= Activity =
Reproduce the entries below exactly, but leave the pictures out.

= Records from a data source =
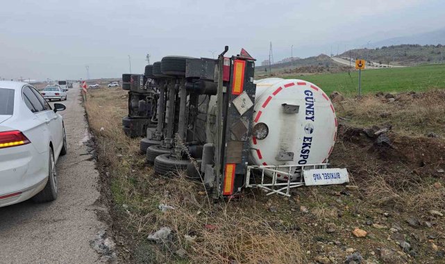 Gaziantep'te seyir halindeki bitkisel yağ dolu tanker sürücüsü yolda hakimiyetini kaybedip devrildi. Devrilen tankerdeki yağın bir kısmı ziyan oldu.
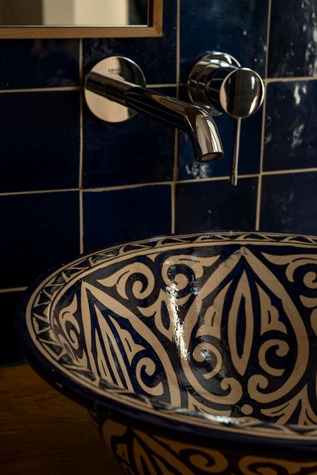 Point de départ du projet, une vasque marocaine, trésor personnel de la cliente, a inspiré un décor unique. Autour d’elle, un zellige aux nuances crème et bleu célèbre la beauté des matières artisanales. La palette affirmée dialogue avec des lignes sobres, dans un intérieur vibrant, sensible et sur mesure.
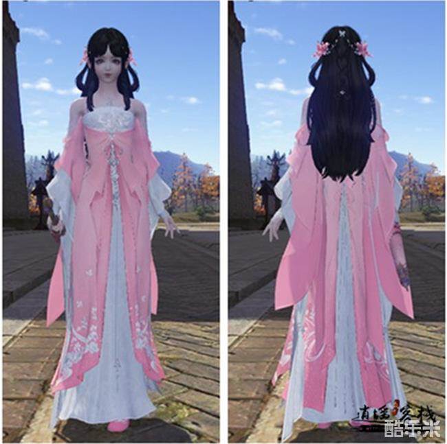 发型方面,与成女较为细致的风格不同,少女体型的发型梳成了两个环状,刘海为齐刘海,但中间有一丝的中分,没有齐刘海的沉闷,这样的刘海更为活泼,少女体型的发饰则是代表天香门派的桃花,简单的佩在脑后,娇小可爱的天香小师妹,试问有谁能不爱呢。
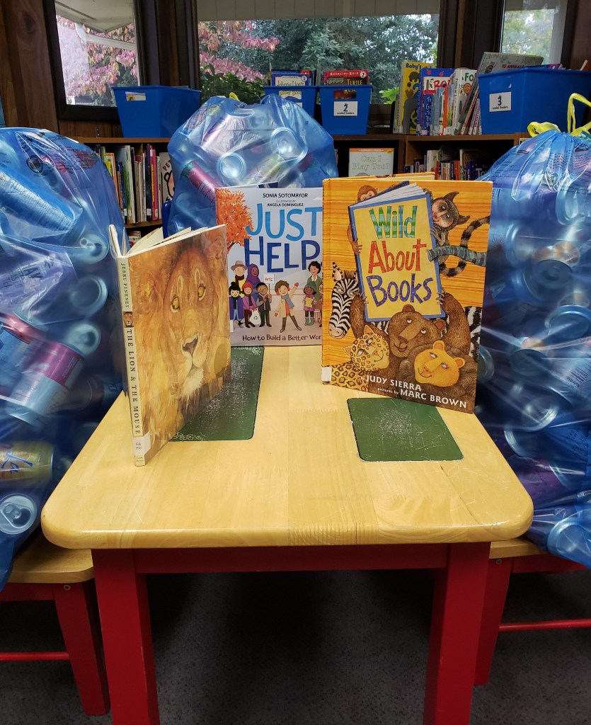 We participate in the Bottle Drop Give Blue Bag program. You can bring your clean cans and bottles to the library, or you can ask for one of our blue bags and return it filled to the library, or any Bottle Drop location.
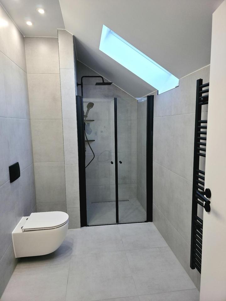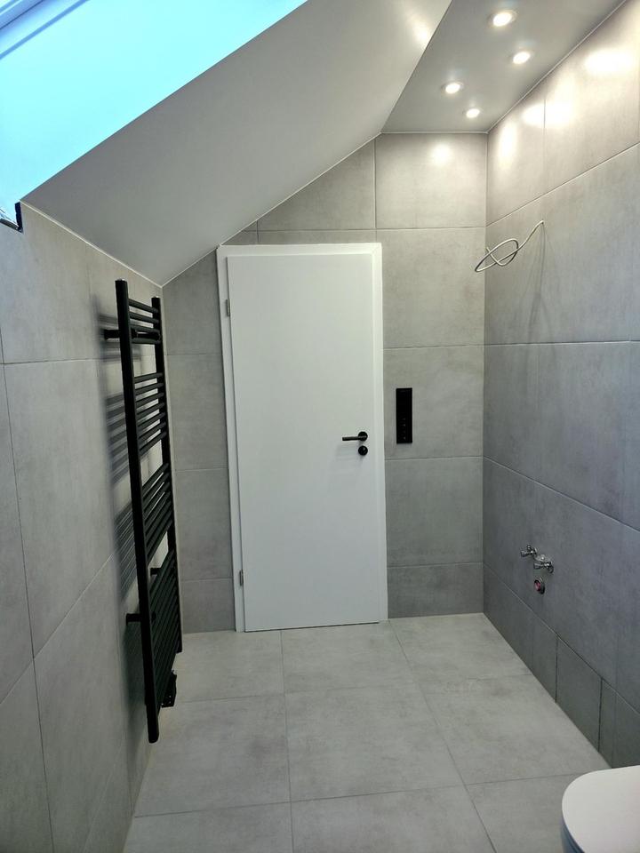 Das Tageslichtbad überzeugt mit bodengleicher Dusche und klarer Gestaltung. Für ein angenehmes Raumklima zu jeder Jahreszeit sorgt eine moderne Multi-Split-Klimaanlage, die sowohl kühlen als auch unterstützen beim Heizen kann und so zusätzlichen Komfort bietet.
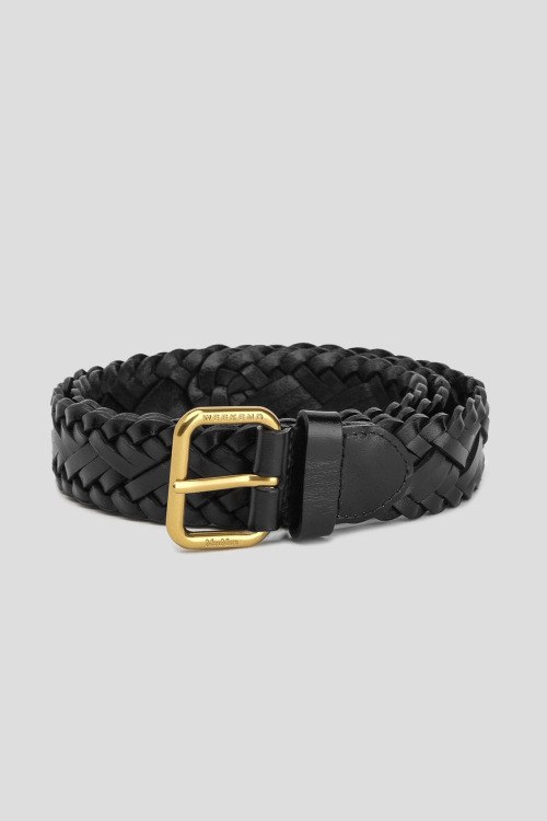 Детали: Женский черный кожаный ремень от Max Mara Weekend (Макс Мара Викенд). Модель из гладкой кожи, плетеный дизайн, золотистая пряжка с логотипом
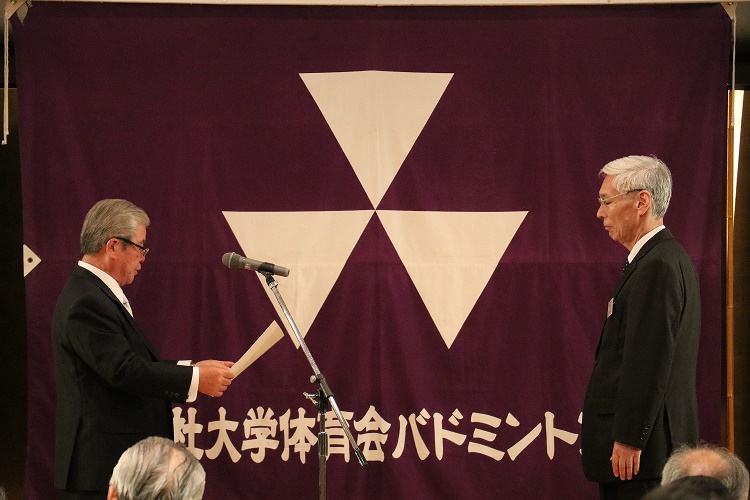 【クラーク】(来賓)上田学生支援センター所長、沖田体育会長、田中京都府バドミントン協会会長、鵤木関西学連会長、大島ユニオン副会長、大日ユニオン副会長、藤原ユニオン理事長、宇野原ユニオン常任顧問、小国OB・OG会長

= Task result =
 Gaziantep'te seyir halindeki bitkisel yağ dolu tanker sürücüsü yolda hakimiyetini kaybedip devrildi. Devrilen tankerdeki yağın bir kısmı ziyan oldu.
 Point de départ du projet, une vasque marocaine, trésor personnel de la cliente, a inspiré un décor unique. Autour d’elle, un zellige aux nuances crème et bleu célèbre la beauté des matières artisanales. La palette affirmée dialogue avec des lignes sobres, dans un intérieur vibrant, sensible et sur mesure.
 发型方面,与成女较为细致的风格不同,少女体型的发型梳成了两个环状,刘海为齐刘海,但中间有一丝的中分,没有齐刘海的沉闷,这样的刘海更为活泼,少女体型的发饰则是代表天香门派的桃花,简单的佩在脑后,娇小可爱的天香小师妹,试问有谁能不爱呢。
 We participate in the Bottle Drop Give Blue Bag program. You can bring your clean cans and bottles to the library, or you can ask for one of our blue bags and return it filled to the library, or any Bottle Drop location.
 Das Tageslichtbad überzeugt mit bodengleicher Dusche und klarer Gestaltung. Für ein angenehmes Raumklima zu jeder Jahreszeit sorgt eine moderne Multi-Split-Klimaanlage, die sowohl kühlen als auch unterstützen beim Heizen kann und so zusätzlichen Komfort bietet.
 Детали: Женский черный кожаный ремень от Max Mara Weekend (Макс Мара Викенд). Модель из гладкой кожи, плетеный дизайн, золотистая пряжка с логотипом
 【クラーク】(来賓)上田学生支援センター所長、沖田体育会長、田中京都府バドミントン協会会長、鵤木関西学連会長、大島ユニオン副会長、大日ユニオン副会長、藤原ユニオン理事長、宇野原ユニオン常任顧問、小国OB・OG会長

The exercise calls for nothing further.